The nun placed her hands on top of the desk and knit her fingers together. “Now,” she said. “What can I do for you two?”

“Did you know a Marjorie Fox, Sister?” Charlie asked.

The woman tented her fingers together under her chin. “No, I don't believe so. Should I?”

“I'm not sure,” Charlie said. “She is—
was
—a radio actress.”

“I'm sorry, Mr. Haverman.” The nun smiled kindly at him. “I haven't much time for radio.”

Charlie leaned forward in his chair. “Sister, Mrs. Fox was murdered two days ago.”

“Good heavens.” Sister Bernadine crossed herself and looked up at the ceiling. She mumbled a quick prayer under her breath, then fixed her gaze on Charlie. “How can I be of help?”

“We have reason to believe that Mrs. Fox had ties to the foundling home.”

The nun caught her lower lip between her teeth as she thought. “Marjorie Fox, you said?” She shook her head slowly back and forth. “I don't recognize that name.”

“She's never been here? Never met with you? Isn't on any sort of mailing list?” Charlie's questions were rapid-fire, but the nun's calm expression never changed.

“Not to my knowledge,” she said.

“Mr. Hart had never discussed a benefit for the home involving Mrs. Fox?”

“A benefit?” Her face brightened. “Oh yes, Mr. Hart
had
mentioned organizing a benefit the last time I spoke with him, but he didn't offer any particulars.”

“Do you speak with Mr. Hart often?” Vivian asked.

“Not that much anymore, really. Once or twice a year. He used to be much more actively involved.” Sister Bernadine pulled out a pocket watch from within the folds of her habit. She frowned as if the time was not at all what she expected it to be.

“How well do you know Mr. Hart?” Vivian asked, ignoring the obvious hint that their time for questions was quickly drawing to a close.

Sister Bernadine glanced up at Vivian, then slipped the watch back into her robes.

“He's been on the board since I started here,” she said, furrowing her brow. “That was over twenty years ago now, but I know he was also here some time before I arrived.”

Something niggled at Vivian's brain, but she couldn't put a finger on what it was.

“Sister,” Vivian began. “I'm curious why someone like Mr. Hart would be so involved with a foundling home. Did he ever explain to you over those twenty years, even mention in passing, why he was so passionate about the home?”

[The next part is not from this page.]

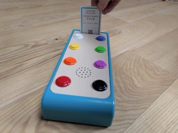 Tu poses le dispositif sur la table, tu choisis une carte, et ton enfant peut commencer.
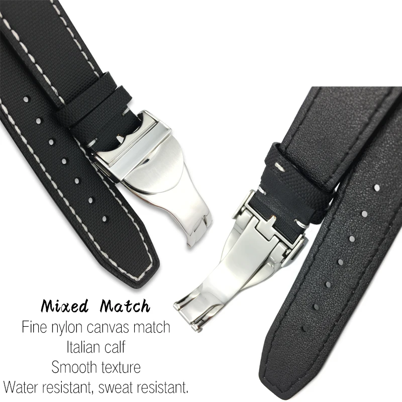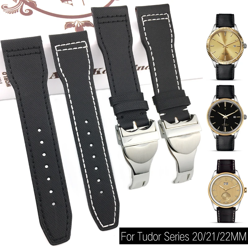 Ремешок из воловьей кожи для наручных часов, складной браслет с нейлоновой нижней частью для часов Tudor серии Black Bay, 19 мм 20 мм 21 мм 22 мм

Sister Bernadine sat back in her chair. “Only vaguely. He'd mentioned that he'd had a rough childhood. That led him to wanting to take care of the children that no one wanted. He hoped to help find them loving homes, if he could.”

“Had he adopted from the home himself?”

Sister Bernadine's kindly smile faded entirely.

“Those records are confidential, Miss Witchell. And as I've told Mr. Haverman before, any records prior to 1930 were lost in a fire several years ago.”

Vivian glanced at Charlie. Before? He'd been here to inquire about adoption records before?

The nun pushed herself out of her chair and stood, her back ramrod straight, the severe black and white of the habit giving her a somewhat regal bearing. “Now, if you'll excuse me, I have another appointment.”

“Yes, of course.” Charlie stood too. His eyes darted to Vivian and then back to Sister Bernadine. “Thank you for your time, Sister,” he said.

Sister Bernadine held one hand in front of her chest, fingers together and pointed up. “May God save and keep you,” she said before sweeping out of the room.